Among the entries below, find the lines that hold the word "after" and report them.

* [DATA]
==*==

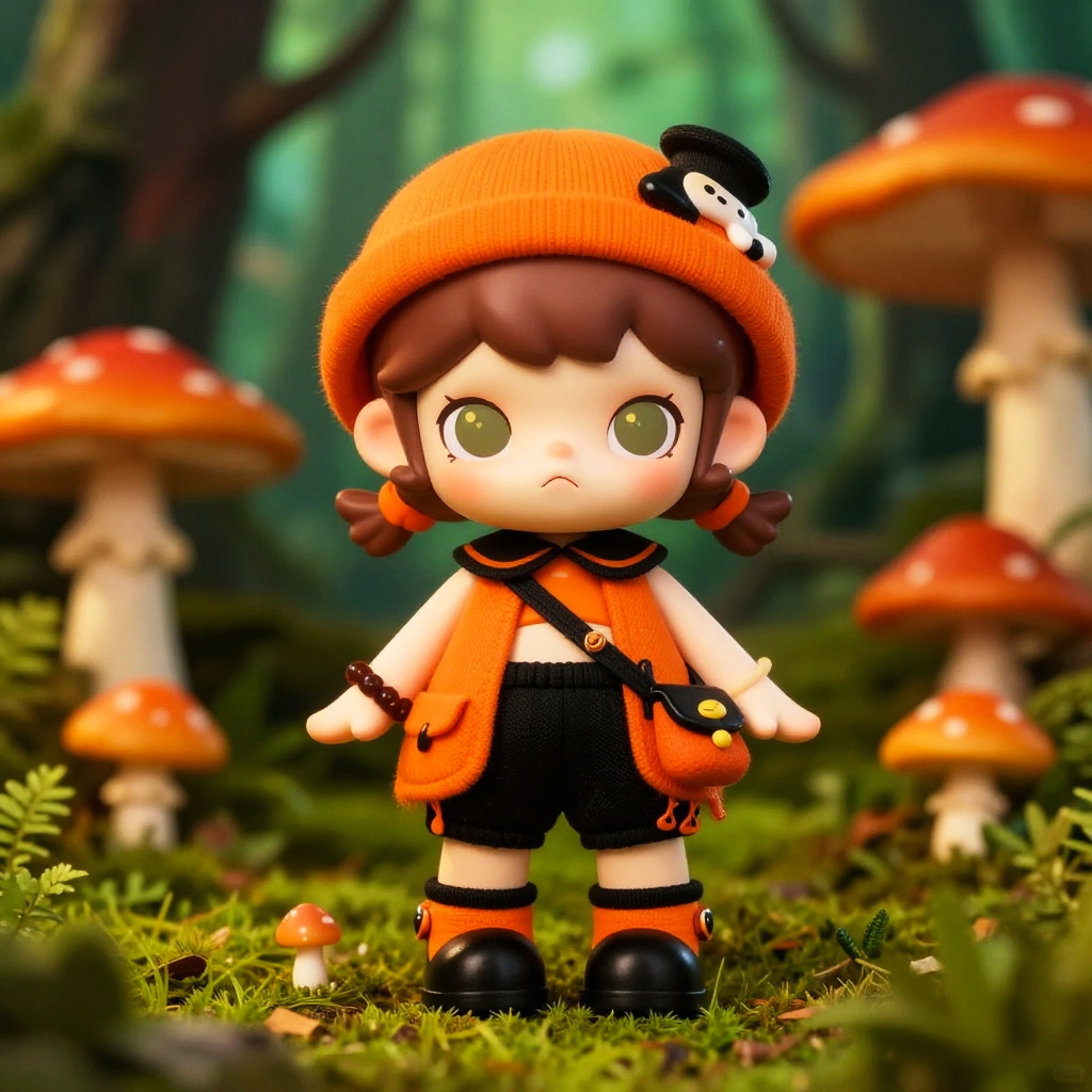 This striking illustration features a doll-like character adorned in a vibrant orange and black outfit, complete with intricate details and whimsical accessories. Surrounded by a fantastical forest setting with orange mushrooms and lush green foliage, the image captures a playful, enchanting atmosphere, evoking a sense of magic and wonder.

==*==

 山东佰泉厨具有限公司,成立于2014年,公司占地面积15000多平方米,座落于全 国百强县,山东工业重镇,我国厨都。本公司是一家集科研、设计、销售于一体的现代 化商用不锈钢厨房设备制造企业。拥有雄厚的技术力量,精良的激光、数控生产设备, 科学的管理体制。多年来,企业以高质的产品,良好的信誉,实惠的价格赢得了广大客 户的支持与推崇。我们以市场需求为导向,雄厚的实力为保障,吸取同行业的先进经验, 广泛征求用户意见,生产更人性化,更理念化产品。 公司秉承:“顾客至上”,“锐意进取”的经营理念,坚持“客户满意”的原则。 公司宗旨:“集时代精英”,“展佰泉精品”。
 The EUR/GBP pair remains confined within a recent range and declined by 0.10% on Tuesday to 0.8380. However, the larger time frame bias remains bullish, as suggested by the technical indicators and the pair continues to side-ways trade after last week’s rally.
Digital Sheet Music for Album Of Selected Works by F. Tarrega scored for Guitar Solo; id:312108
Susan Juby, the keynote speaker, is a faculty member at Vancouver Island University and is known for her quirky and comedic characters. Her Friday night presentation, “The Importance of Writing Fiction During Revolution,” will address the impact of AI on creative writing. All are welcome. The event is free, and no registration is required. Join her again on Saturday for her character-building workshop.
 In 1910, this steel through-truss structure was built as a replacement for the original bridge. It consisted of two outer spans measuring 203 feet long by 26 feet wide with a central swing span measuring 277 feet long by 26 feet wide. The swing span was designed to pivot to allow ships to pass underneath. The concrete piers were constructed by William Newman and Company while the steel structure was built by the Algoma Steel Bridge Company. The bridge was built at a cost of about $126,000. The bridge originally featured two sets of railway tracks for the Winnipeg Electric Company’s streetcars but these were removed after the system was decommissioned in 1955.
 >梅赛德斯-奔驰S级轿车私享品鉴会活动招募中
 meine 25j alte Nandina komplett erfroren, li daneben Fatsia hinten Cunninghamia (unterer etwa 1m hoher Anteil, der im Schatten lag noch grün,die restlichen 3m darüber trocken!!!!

==*==

* [ANSWER BOX]
 The EUR/GBP pair remains confined within a recent range and declined by 0.10% on Tuesday to 0.8380. However, the larger time frame bias remains bullish, as suggested by the technical indicators and the pair continues to side-ways trade after last week’s rally.
 In 1910, this steel through-truss structure was built as a replacement for the original bridge. It consisted of two outer spans measuring 203 feet long by 26 feet wide with a central swing span measuring 277 feet long by 26 feet wide. The swing span was designed to pivot to allow ships to pass underneath. The concrete piers were constructed by William Newman and Company while the steel structure was built by the Algoma Steel Bridge Company. The bridge was built at a cost of about $126,000. The bridge originally featured two sets of railway tracks for the Winnipeg Electric Company’s streetcars but these were removed after the system was decommissioned in 1955.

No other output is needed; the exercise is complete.